The answer must be an exact copy of the lines from the one containing "Θήκη κινητού τηλεφώνου" through the last line of the records, with the pictures left out.
Material supplied Start Marker
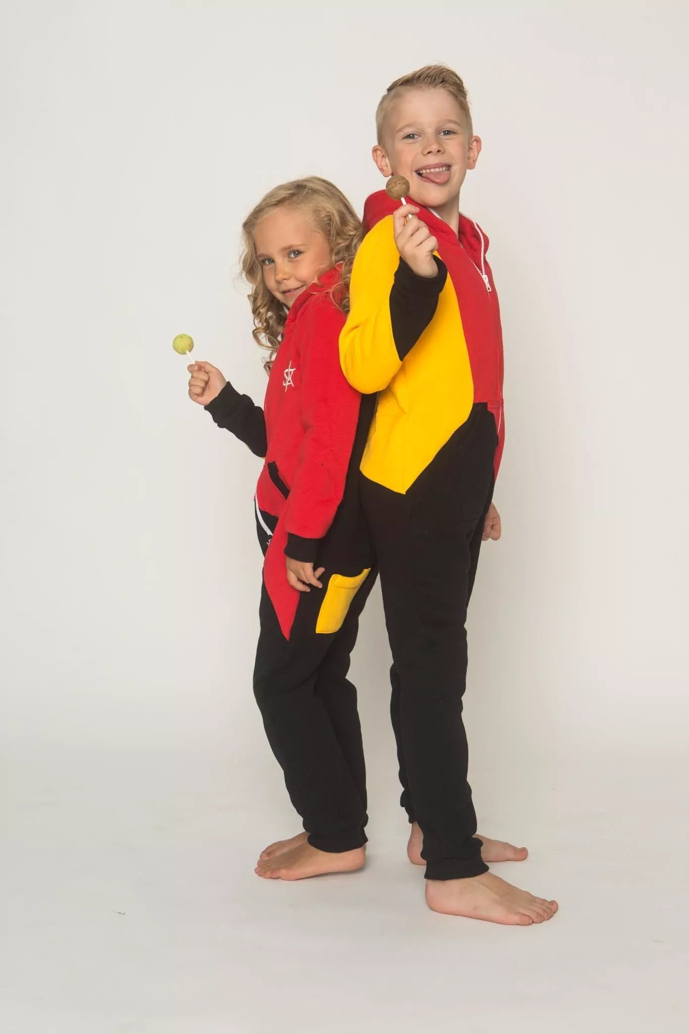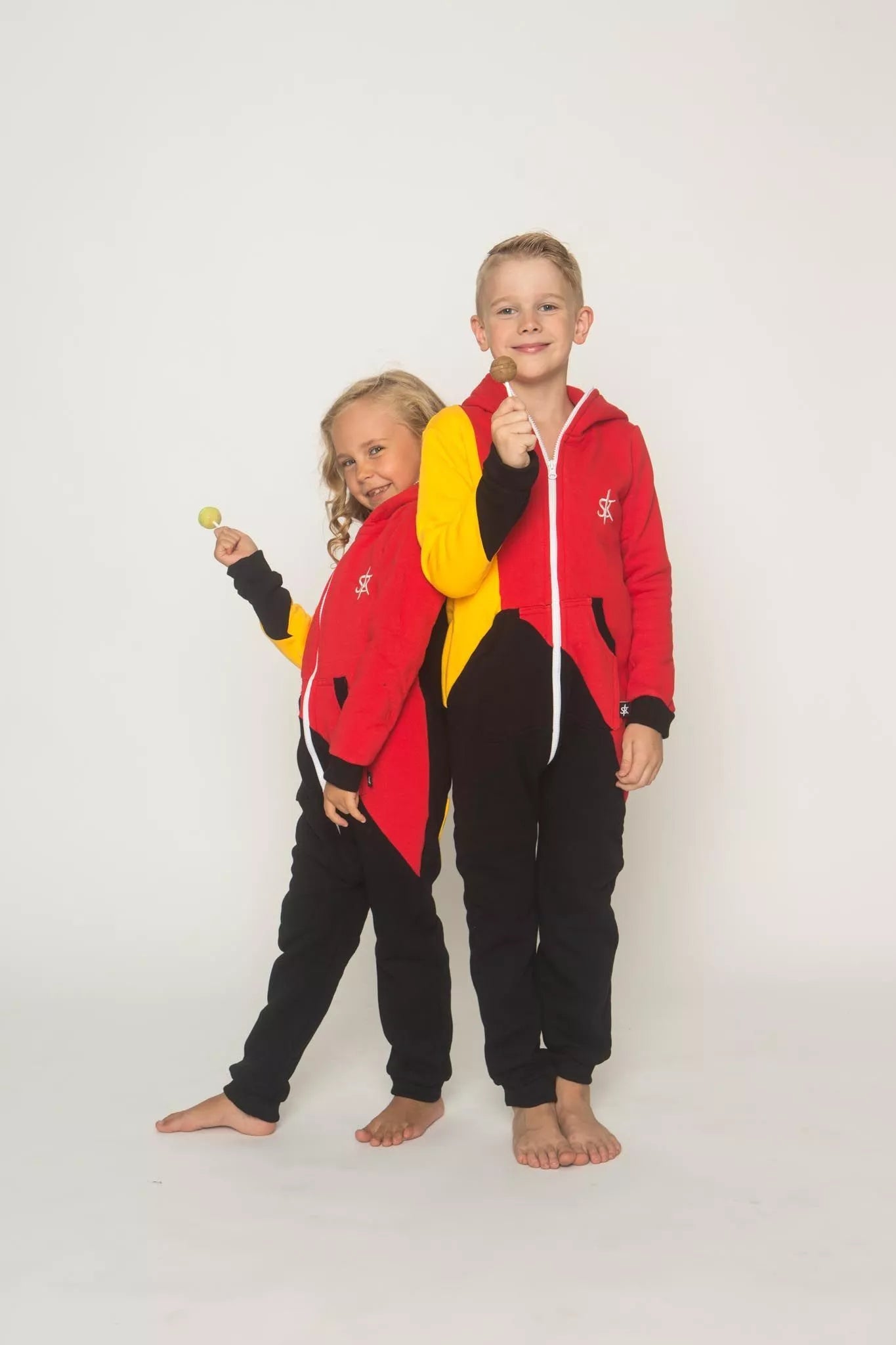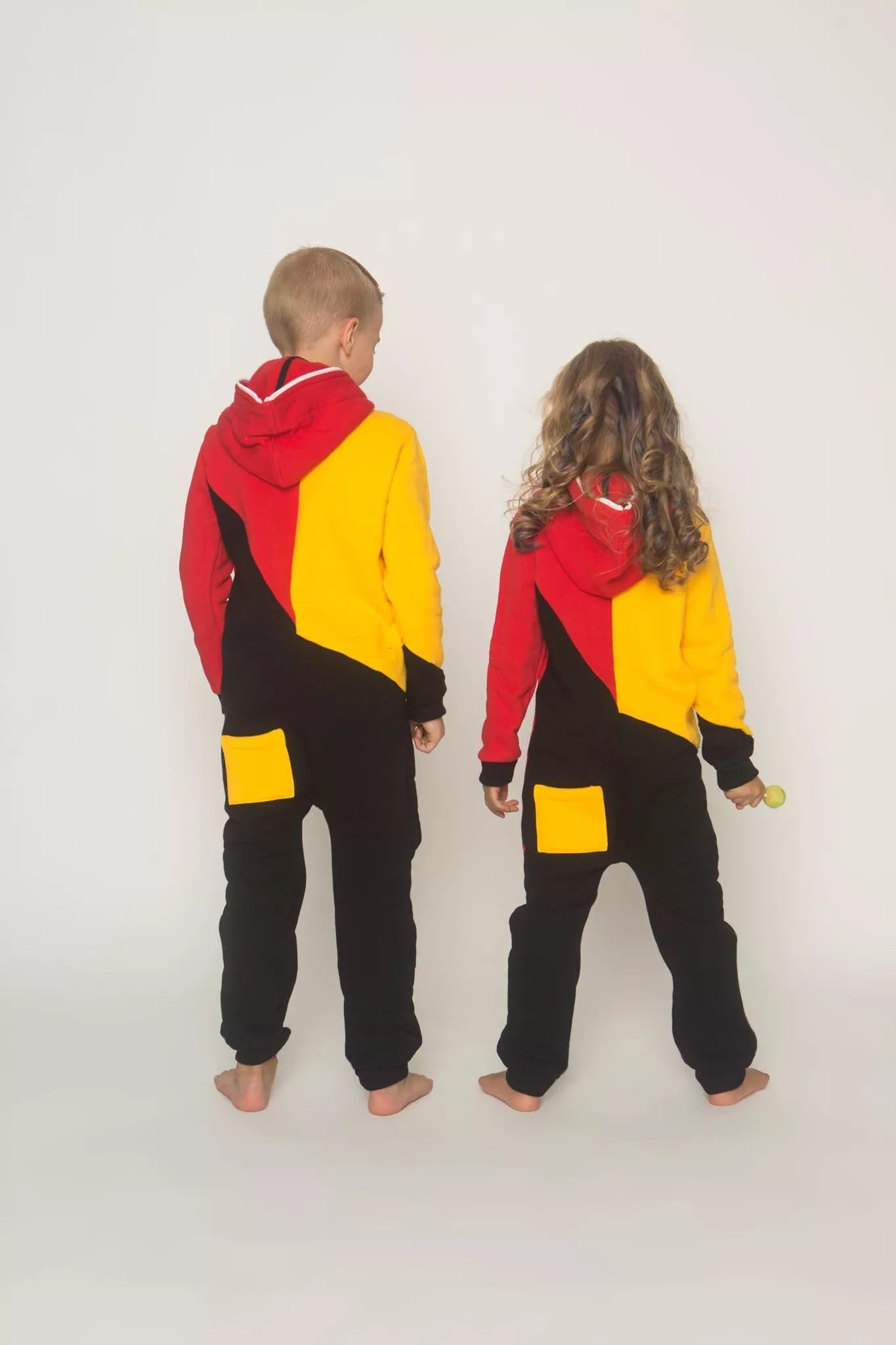 Šiltas jaukus vaikiškas trispalvis kombinezonas Bruber, tiek mergaitėms tiek berniukams, skirtas visai šeimai. Geltona rankovė, raudonas viršus ir juoda apačia, nugaroje geltona kišenė (jei neradote pageidaujamos spalvos susiekite) kombinezono ir pačių rankogalių. vaiko ar visos šeimos iniviualumui pabrėžti (užsakant kombineonus šeimai suteikiame nuolaidas - susisiekite). Priekyje kišenės apsiūtos rankogalių medžiaga. Medžiagos vidinė dalis su tankiu pūkeliu, kuris sukuria įpatingą šilumos jausmą ir norą vilkėti kombinezoną nuolat. Sofa Killer kombinezonų modeliai nevaržo judesių, tad puikiai tinka tiek pasyviam tiek aktyviam poilsiui, net miegui. Galite rinktis iš plačios dydžių skalės, o pats rūbas tradiciškai turi būti laisvas, tad kiek didesnis dydis puikiai tiks. Dekoruota Sofa Killer logotipu po kišene.
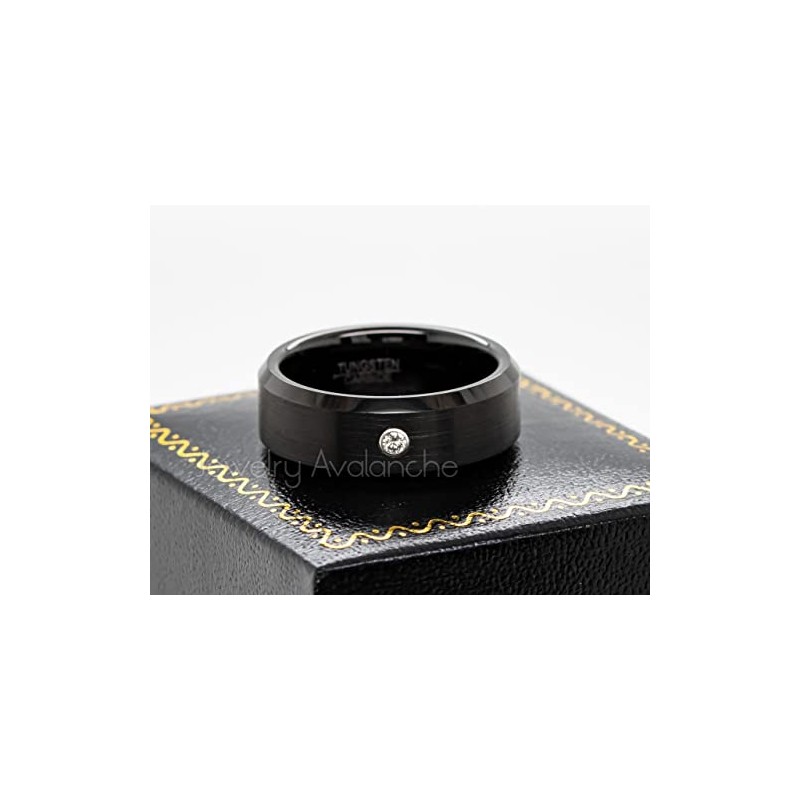 - 8MM Black BeveledTungsten Carbide Wedding Band with Bezel Set 0.07ctw Round Diamond Accent - Brushed Finish Comfort Fit Tungsten Anniversary Ring - Cobalt Free Tungsten Ring
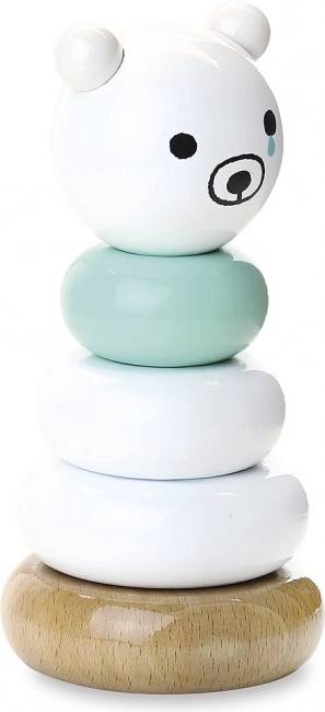 Ta elegancka wieża do nakładania z misiem w biało–miętowej kombinacji i naturalnym drewnianym wykończeniu to idealna pierwsza edukacyjna zabawka. Dzieci ćwiczą prawidłowe układanie krążków, rozróżnianie rozmiarów i rytm ruchów, a stonowane kolory i uroczy wyraz misia pobudzają ciekawość i sprzyjają spokojnej zabawie.
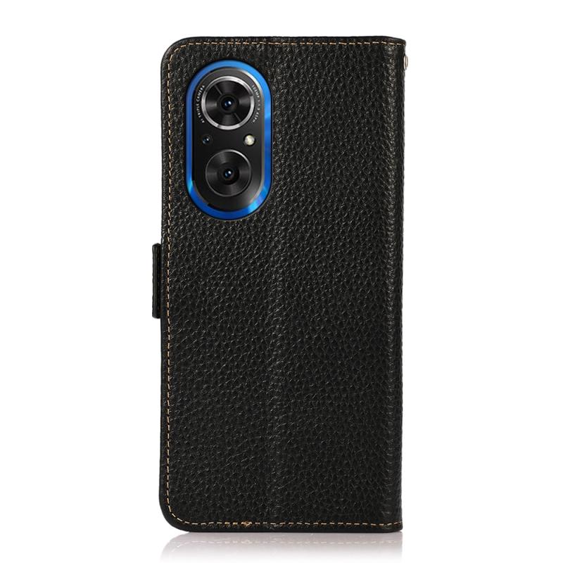 Θήκη κινητού τηλεφώνου Honor 50 SE KHAZNEH με μαγνητικό κλείσιμο, από γνήσιο δέρμα Litchi και προστασία RFID (Μαύρο)
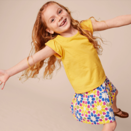 Our best selling Sport Skort is a skirt on the outside and Somersault Shorts on the inside--made for carefree play day after spring day. The gorgeous, multi-colored stripe print will hold its color wash after wash. 100% soft cotton. Above thigh length.
Material supplied End Marker
◆ **Exercise solution**:
 Θήκη κινητού τηλεφώνου Honor 50 SE KHAZNEH με μαγνητικό κλείσιμο, από γνήσιο δέρμα Litchi και προστασία RFID (Μαύρο)
 Our best selling Sport Skort is a skirt on the outside and Somersault Shorts on the inside--made for carefree play day after spring day. The gorgeous, multi-colored stripe print will hold its color wash after wash. 100% soft cotton. Above thigh length.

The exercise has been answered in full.